What you have to do: Pictures are not part of the copy; reproduce the remaining data exactly.

[Data excerpts]
++++++++++
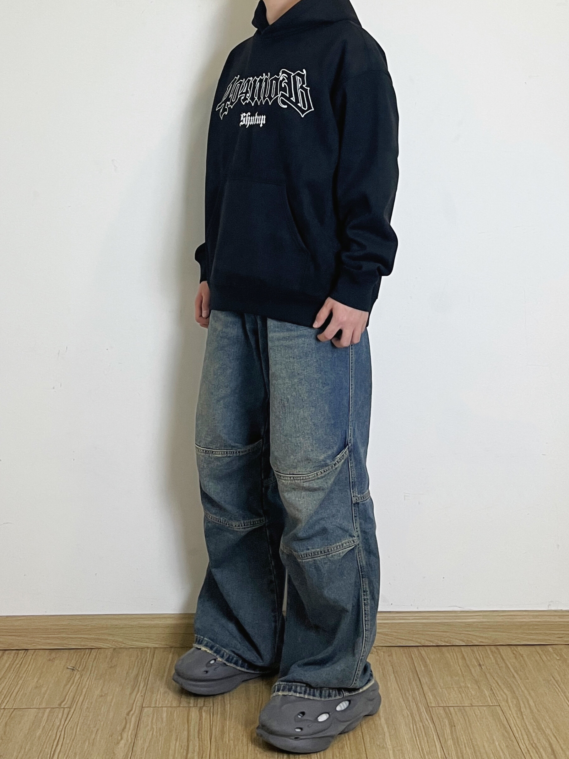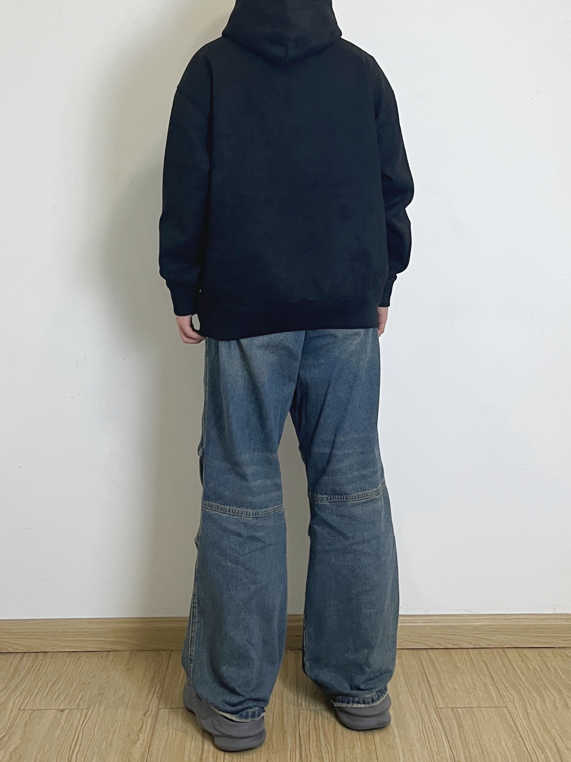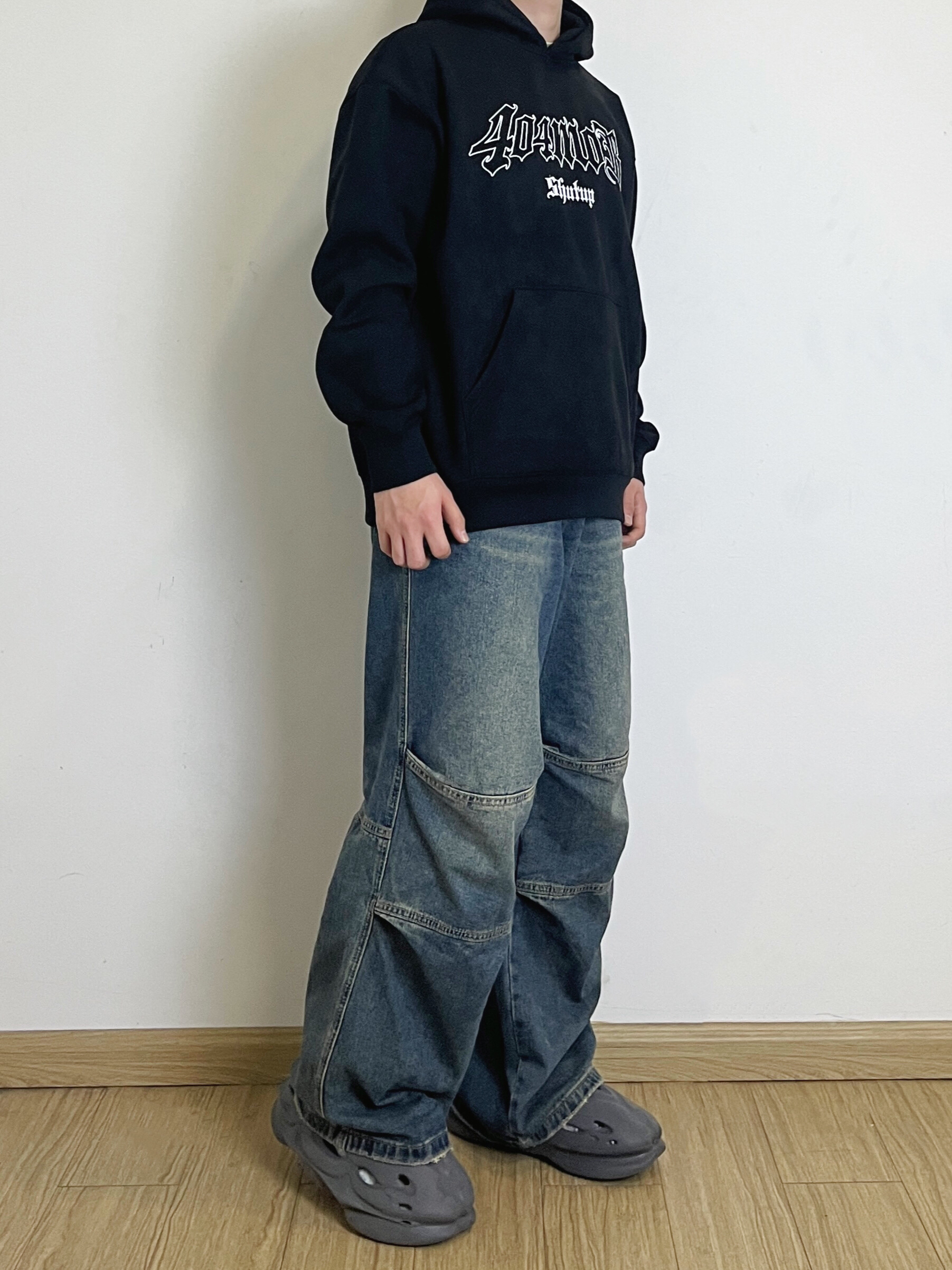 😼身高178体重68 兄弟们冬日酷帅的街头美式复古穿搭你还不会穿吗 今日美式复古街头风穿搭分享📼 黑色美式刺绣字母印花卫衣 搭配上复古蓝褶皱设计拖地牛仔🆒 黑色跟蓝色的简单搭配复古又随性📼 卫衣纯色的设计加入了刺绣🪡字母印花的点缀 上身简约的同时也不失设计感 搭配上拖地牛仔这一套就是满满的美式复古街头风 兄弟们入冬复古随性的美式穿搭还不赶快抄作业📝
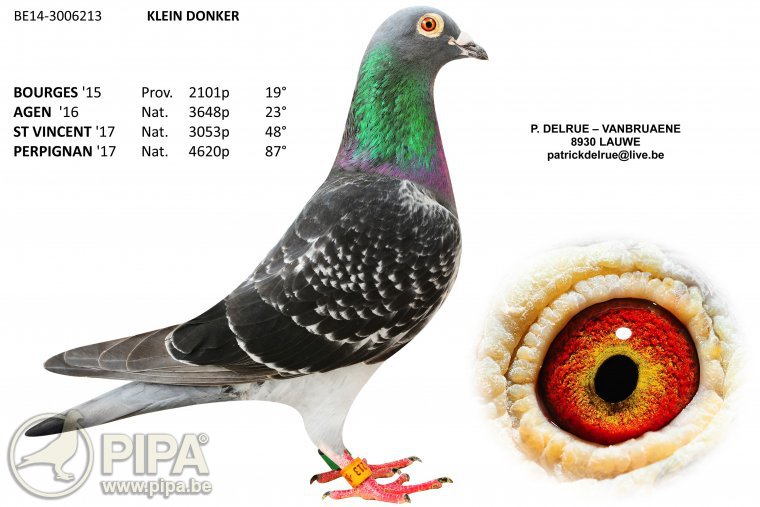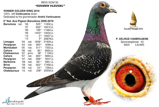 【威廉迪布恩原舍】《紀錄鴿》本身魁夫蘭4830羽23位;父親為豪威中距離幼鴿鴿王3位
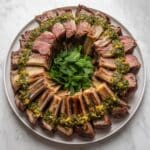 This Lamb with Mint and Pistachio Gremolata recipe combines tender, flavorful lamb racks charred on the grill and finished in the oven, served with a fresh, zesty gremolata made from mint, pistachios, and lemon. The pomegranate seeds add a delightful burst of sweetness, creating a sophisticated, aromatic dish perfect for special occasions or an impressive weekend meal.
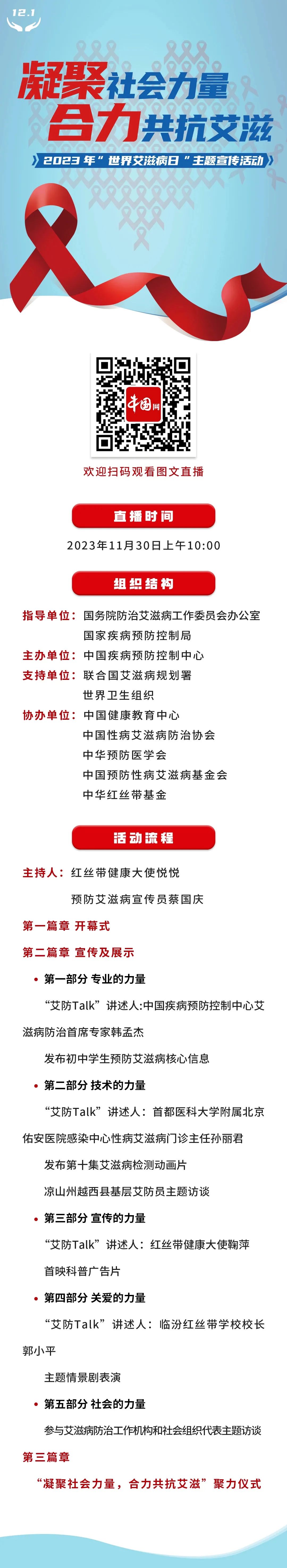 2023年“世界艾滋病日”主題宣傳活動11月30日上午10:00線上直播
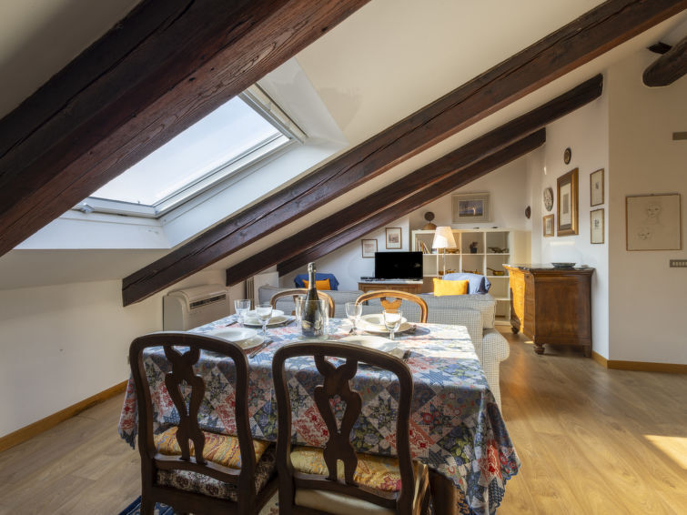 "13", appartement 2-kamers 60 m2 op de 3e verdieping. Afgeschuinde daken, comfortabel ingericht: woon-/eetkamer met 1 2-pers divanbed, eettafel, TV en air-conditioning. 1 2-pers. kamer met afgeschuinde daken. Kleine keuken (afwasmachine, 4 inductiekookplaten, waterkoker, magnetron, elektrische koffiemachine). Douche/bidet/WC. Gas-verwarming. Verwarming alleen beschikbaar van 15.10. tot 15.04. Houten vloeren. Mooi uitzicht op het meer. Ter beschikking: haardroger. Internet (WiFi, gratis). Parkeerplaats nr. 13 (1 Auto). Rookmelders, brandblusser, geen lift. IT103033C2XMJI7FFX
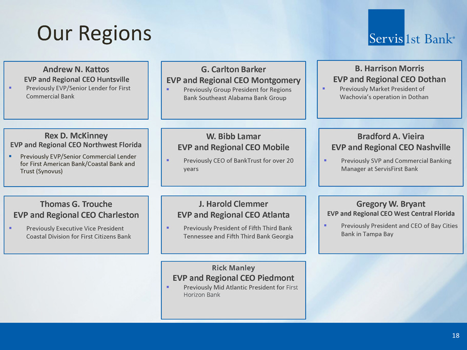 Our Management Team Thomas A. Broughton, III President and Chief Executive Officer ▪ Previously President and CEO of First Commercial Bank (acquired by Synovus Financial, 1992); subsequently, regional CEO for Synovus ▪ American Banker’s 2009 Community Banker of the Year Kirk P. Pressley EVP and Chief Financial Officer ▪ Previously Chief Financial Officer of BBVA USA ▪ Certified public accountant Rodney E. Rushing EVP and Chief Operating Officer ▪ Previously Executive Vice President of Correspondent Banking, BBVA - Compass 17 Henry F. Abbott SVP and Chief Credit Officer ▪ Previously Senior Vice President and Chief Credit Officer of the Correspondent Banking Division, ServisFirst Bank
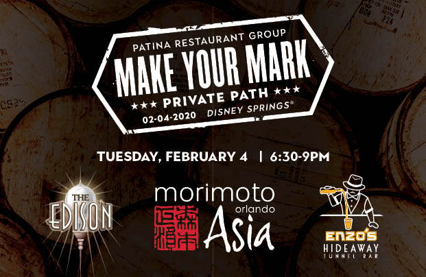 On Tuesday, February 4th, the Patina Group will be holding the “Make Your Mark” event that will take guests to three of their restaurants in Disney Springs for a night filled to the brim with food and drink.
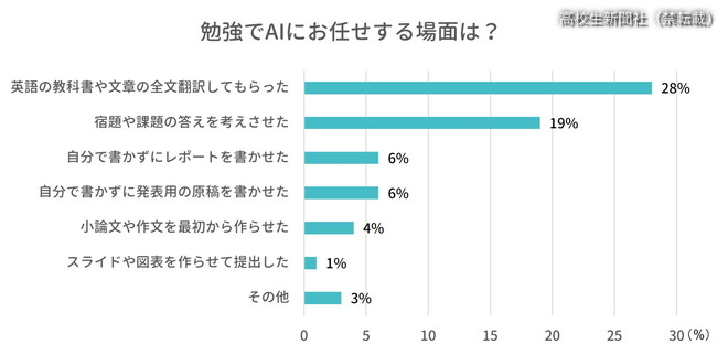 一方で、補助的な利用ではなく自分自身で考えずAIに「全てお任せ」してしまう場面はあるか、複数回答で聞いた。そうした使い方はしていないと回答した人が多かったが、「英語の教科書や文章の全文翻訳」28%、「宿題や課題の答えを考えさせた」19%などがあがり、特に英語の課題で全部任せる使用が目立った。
++++++++++
Output below:
 😼身高178体重68 兄弟们冬日酷帅的街头美式复古穿搭你还不会穿吗 今日美式复古街头风穿搭分享📼 黑色美式刺绣字母印花卫衣 搭配上复古蓝褶皱设计拖地牛仔🆒 黑色跟蓝色的简单搭配复古又随性📼 卫衣纯色的设计加入了刺绣🪡字母印花的点缀 上身简约的同时也不失设计感 搭配上拖地牛仔这一套就是满满的美式复古街头风 兄弟们入冬复古随性的美式穿搭还不赶快抄作业📝
 【威廉迪布恩原舍】《紀錄鴿》本身魁夫蘭4830羽23位;父親為豪威中距離幼鴿鴿王3位
 This Lamb with Mint and Pistachio Gremolata recipe combines tender, flavorful lamb racks charred on the grill and finished in the oven, served with a fresh, zesty gremolata made from mint, pistachios, and lemon. The pomegranate seeds add a delightful burst of sweetness, creating a sophisticated, aromatic dish perfect for special occasions or an impressive weekend meal.
 2023年“世界艾滋病日”主題宣傳活動11月30日上午10:00線上直播
 "13", appartement 2-kamers 60 m2 op de 3e verdieping. Afgeschuinde daken, comfortabel ingericht: woon-/eetkamer met 1 2-pers divanbed, eettafel, TV en air-conditioning. 1 2-pers. kamer met afgeschuinde daken. Kleine keuken (afwasmachine, 4 inductiekookplaten, waterkoker, magnetron, elektrische koffiemachine). Douche/bidet/WC. Gas-verwarming. Verwarming alleen beschikbaar van 15.10. tot 15.04. Houten vloeren. Mooi uitzicht op het meer. Ter beschikking: haardroger. Internet (WiFi, gratis). Parkeerplaats nr. 13 (1 Auto). Rookmelders, brandblusser, geen lift. IT103033C2XMJI7FFX
 Our Management Team Thomas A. Broughton, III President and Chief Executive Officer ▪ Previously President and CEO of First Commercial Bank (acquired by Synovus Financial, 1992); subsequently, regional CEO for Synovus ▪ American Banker’s 2009 Community Banker of the Year Kirk P. Pressley EVP and Chief Financial Officer ▪ Previously Chief Financial Officer of BBVA USA ▪ Certified public accountant Rodney E. Rushing EVP and Chief Operating Officer ▪ Previously Executive Vice President of Correspondent Banking, BBVA - Compass 17 Henry F. Abbott SVP and Chief Credit Officer ▪ Previously Senior Vice President and Chief Credit Officer of the Correspondent Banking Division, ServisFirst Bank
 On Tuesday, February 4th, the Patina Group will be holding the “Make Your Mark” event that will take guests to three of their restaurants in Disney Springs for a night filled to the brim with food and drink.
 一方で、補助的な利用ではなく自分自身で考えずAIに「全てお任せ」してしまう場面はあるか、複数回答で聞いた。そうした使い方はしていないと回答した人が多かったが、「英語の教科書や文章の全文翻訳」28%、「宿題や課題の答えを考えさせた」19%などがあがり、特に英語の課題で全部任せる使用が目立った。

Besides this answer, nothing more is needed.